Bailey joined GHS in 1999 as associate administrator of Georgetown Memorial Hospital and became president and CEO of the Georgetown Hospital System in 2001. Since he began leading the charge at GHS, the system has been recognized several times for excellence.
Bailey says GHS is focused on making the transition from the first curve of the volume-based business model to the second curve of the value-based model.
“We’re trying to develop the right mix of strategy that deals with curve one – which we very much still operate in and is how our bills get paid – and that ensures we are well positioned for the day when we’ll have to operate in curve two,” he says.

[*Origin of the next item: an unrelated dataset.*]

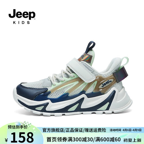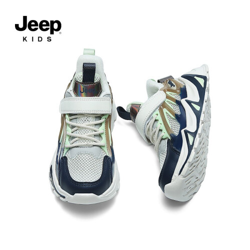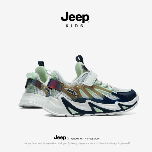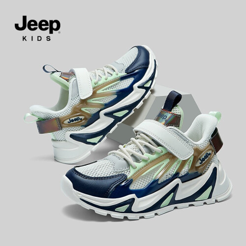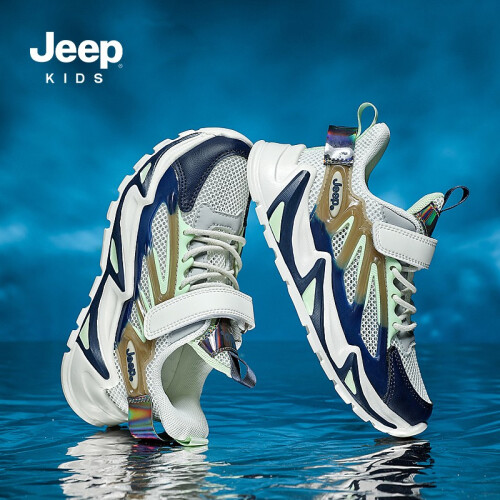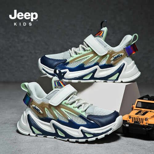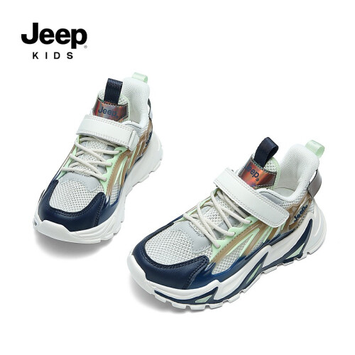 Jeep 吉普 男童网面跑鞋,时尚百搭,轻松驾驭多种风格,柔软亲肤透气,舒适不捂脚,贴合足部助力行走。便捷魔术贴设计,便捷舒适,提升孩子的独立性与自理能力。

The first step in that transformation is to educate the physicians and medical staff, whose attention centers on providing the best care for patients, not transitioning to a different business model, Bailey says.
“We need to train them on the tools and the resources they’re going to need,” he says. “That’s a big deal for us and it’s also an important role for the AHA: ensuring the membership has the educational tools that will help us make the transition.”
Bailey serves as chairman of AHA’s Regional Policy Board 4, which includes Florida, Georgia, Alabama, Mississippi, South Carolina, Tennessee and Puerto Rico. He also is a member of the AHA’s Committee on Performance Improvement.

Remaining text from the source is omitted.